# I bought the elektromotus EMUS BMS



## LithiumaniacsEVRacing (Oct 9, 2010)

http://elektromotus.lt/en/products/bms

I love the easy design, they have worked with me 100%. I will have pictures during installation in a few weeks.


----------



## Caspar (Dec 17, 2011)

I have also used the EMUS in my Mini, but I have problems with reporting data to my Galaxy Note. What kind of info srceen do you use ? 

Caspar 

http://photobucket.com/casparspickup


----------



## ricklearned (Mar 3, 2012)

It looks like a nice system. I like the USB/PC setup. Are you using the Android app?


----------



## batterytang (Nov 17, 2011)

Does any other people has similar experience of their products?

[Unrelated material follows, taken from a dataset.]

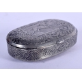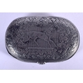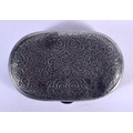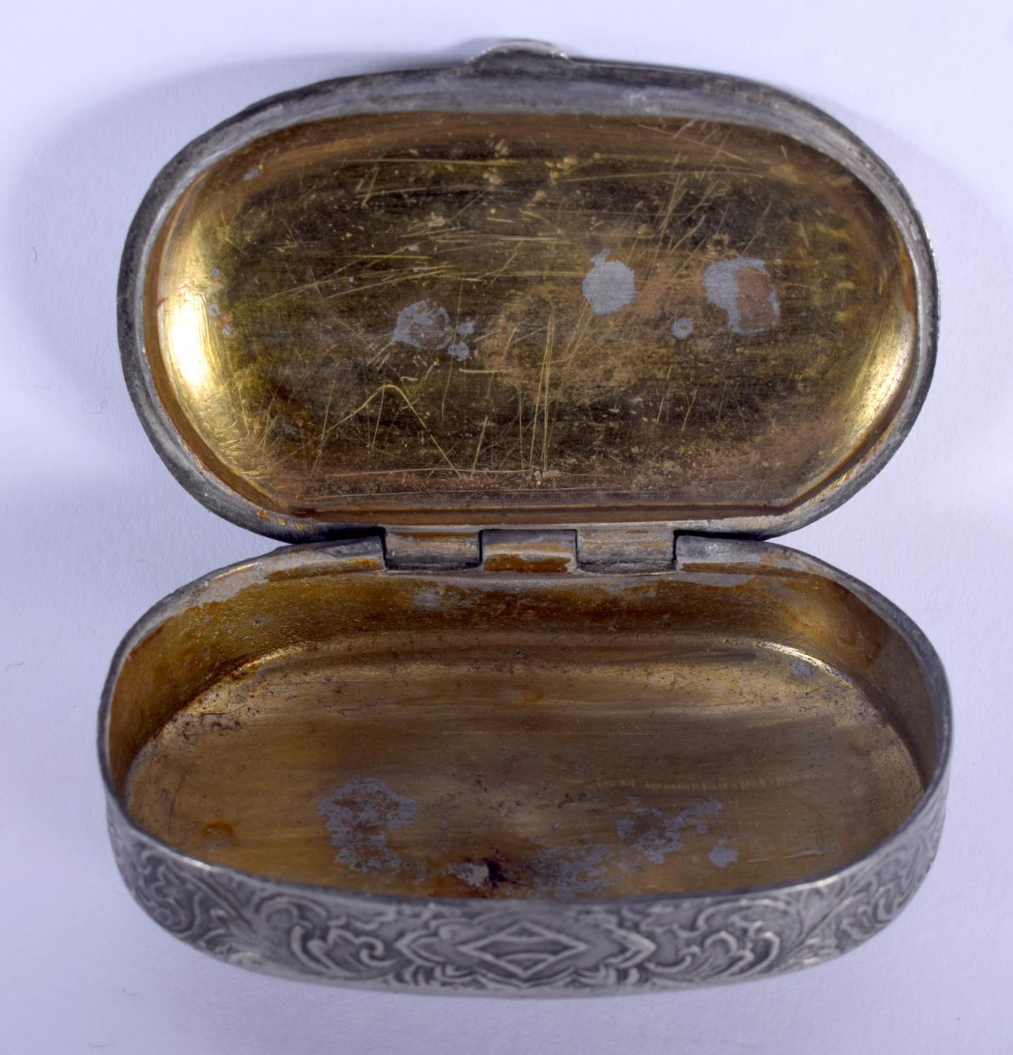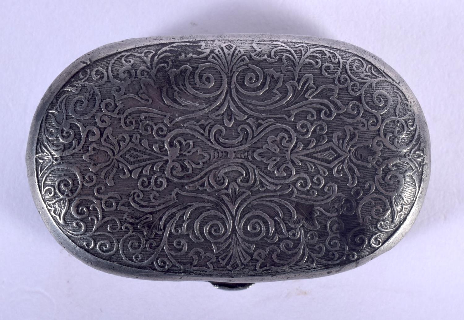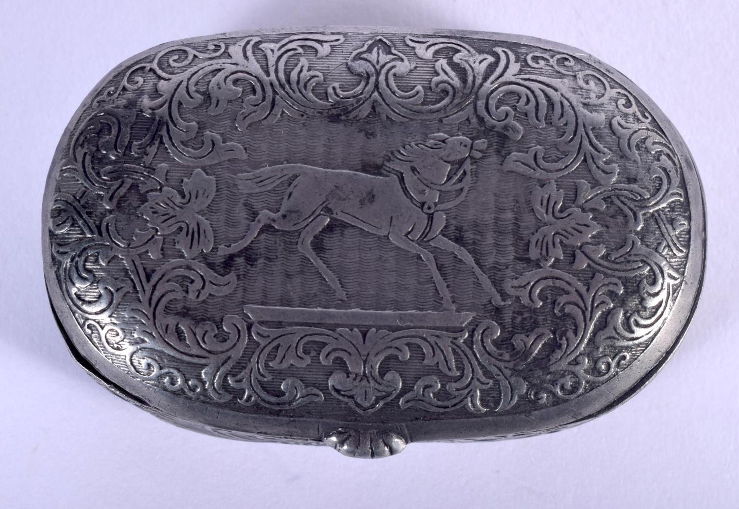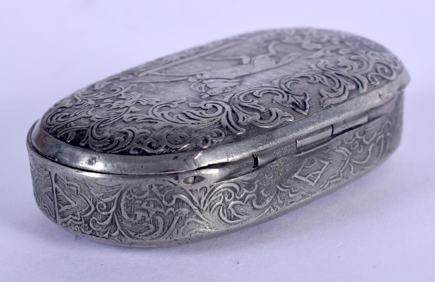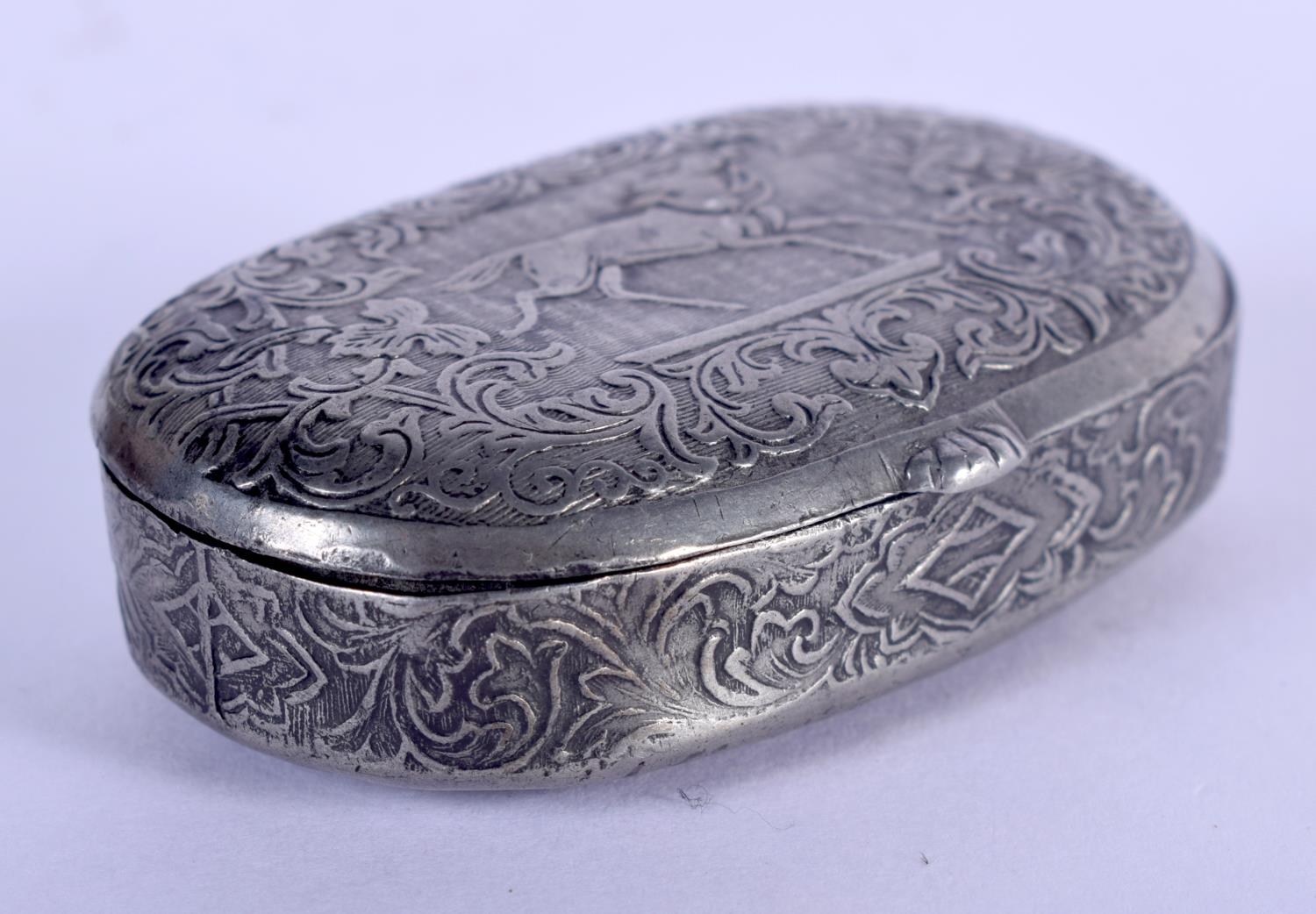 A CHARMING 19TH CENTURY PEWTER EQUESTRIAN SNUFF BOX decorated with foliage. 5.75 cm x 3 cm.

Very similar to Dimitri 's BMS.


----------



## ricklearned (Mar 3, 2012)

batterytang said:


> Does any other people has similar experience of their products?
> 
> Very similar to Dimitri 's BMS.


I am not speaking from experience, but from what I have read and understand. The MiniBMS is similar to the Emus because they are both distributed systems. It does not have the capability for the user to see individual cell voltages which the Elithion and Emus have. The MiniBMS is very reasonably priced.


----------



## Diethelm (Nov 10, 2012)

Quick question, who would you recommend to buy the Elektromotus BMS from?  i.e. where did you buy the system?


----------



## ricklearned (Mar 3, 2012)

Diethelm said:


> Quick question, who would you recommend to buy the Elektromotus BMS from?  i.e. where did you buy the system?


I bought mine from EV Propulsion


----------



## Diethelm (Nov 10, 2012)

Thanks! Will get a EMUS BMS system soon. Have you had any permanent/big problems with the system?


----------



## Overlander23 (Jun 15, 2009)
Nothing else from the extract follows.